Régis Genaux
- Genaux with Udinese in 1998

Personal information
- Full name: Régis Hervé Genaux
- Date of birth: 31 August 1973
- Place of birth: Charleroi, Belgium
- Date of death: 8 November 2008 (aged 35)
- Place of death: Chaudfontaine, Belgium
- Height: 1.80 m (5 ft 11 in)
- Position: Right back

Youth career
- 1981–1988: Charleroi
- 1988–1990: Standard Liège

Senior career*
- Years: Team / Apps / (Gls)
- 1990–1996: Standard Liège / 151 / (1)
- 1996: Coventry City / 4 / (0)
- 1997–2003: Udinese / 51 / (0)
- 2001–2002: → Standard Liège (loan) / 4 / (0)
- Total:  / 210 / (1)

International career
- 1988: Belgium U15 / 2 / (0)
- 1989–1990: Belgium U16 / 10 / (0)
- 1989–1990: Belgium U17 / 11 / (1)
- 1990–1991: Belgium U18 / 6 / (0)
- 1991–1994: Belgium U21 / 8 / (0)
- 1992–2000: Belgium / 22 / (0)

Managerial career
- 2004–2005: Louviéroise (youth)
- 2005–2006: Verviétois (youth)
- 2006: Sérésien

= Régis Genaux =

Belgian footballer (1973–2008)

Régis Hervé Genaux (31 August 1973 – 8 November 2008) was a Belgian professional footballer who played as a right back.

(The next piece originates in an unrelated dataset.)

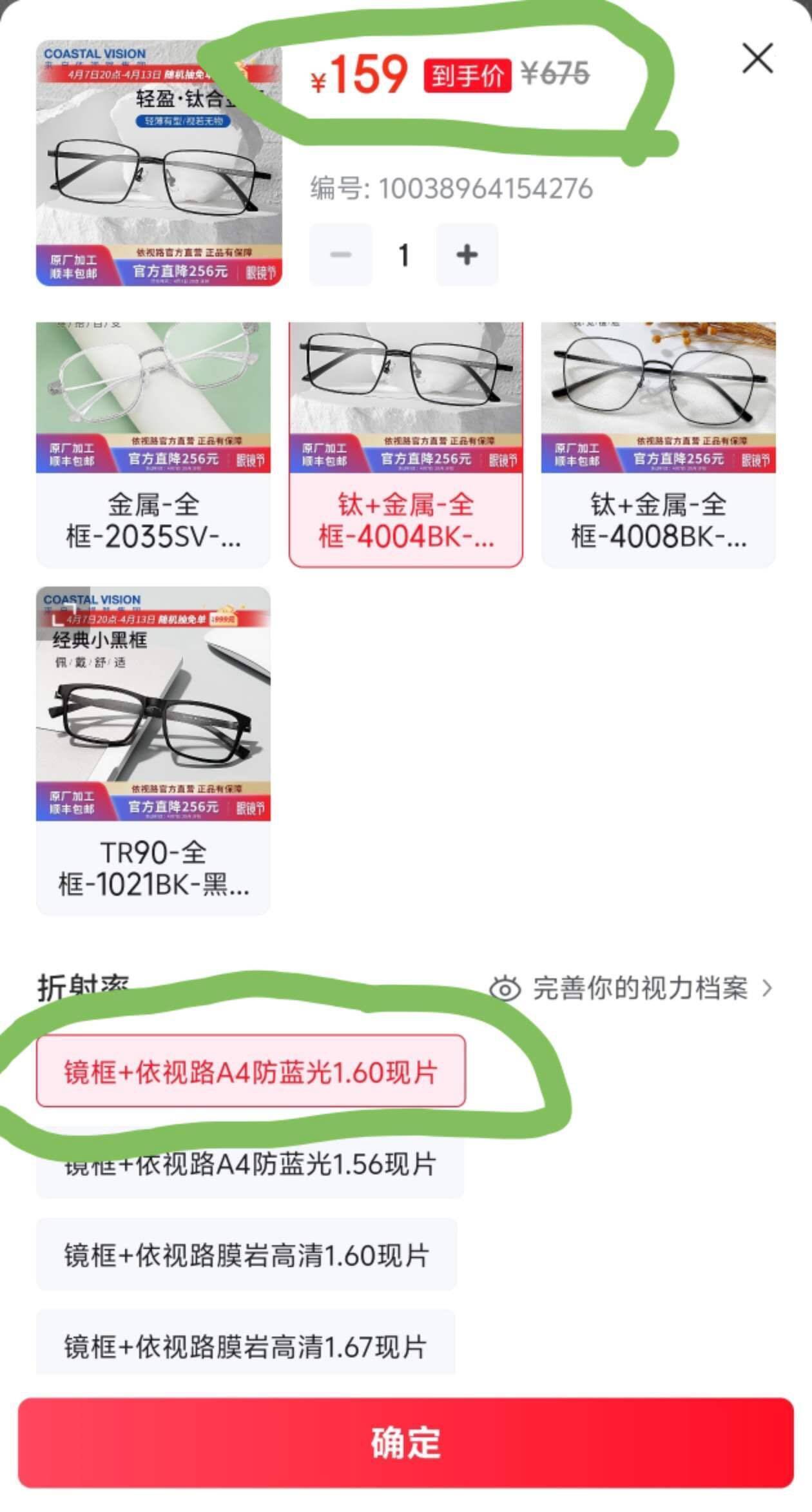 依视路钻晶A4镜片镜框仅需159元

During his career he represented three clubs in three countries, mainly Standard Liège and Udinese. He died at the young age of 35 from the effects of a pulmonary embolism.

==Club career==
After having started playing football with R. Charleroi SC, Genaux began his professional career aged 17 at Standard Liège, where he helped to win one Belgian Cup and achieved two Pro League runner-up places.

In 1996 Genaux moved to England, joining Coventry City. However, his spell at the club lasted just half a season, with only four Premier League appearances before he signed, in January 1997, with Italy's Udinese Calcio.

Due to persisting injuries during the most part of his career, Genaux retired at just 29, after having returned to Standard for a final season. Afterwards he moved into coaching, starting with the youths at R.A.A. Louviéroise and R.C.S. Verviétois; for a few months in 2006, he took the reins of third division side RFC Sérésien (formerly Seraing).

==International career==
Genaux played 22 times (being selected 27) with Belgium, the first being on 16 February 1992, in a friendly match against Tunisia, aged not yet 19. He seemed poised to be the successor of Eric Gerets in the Diables Rouges, although he was not picked up for the 1994 FIFA World Cup.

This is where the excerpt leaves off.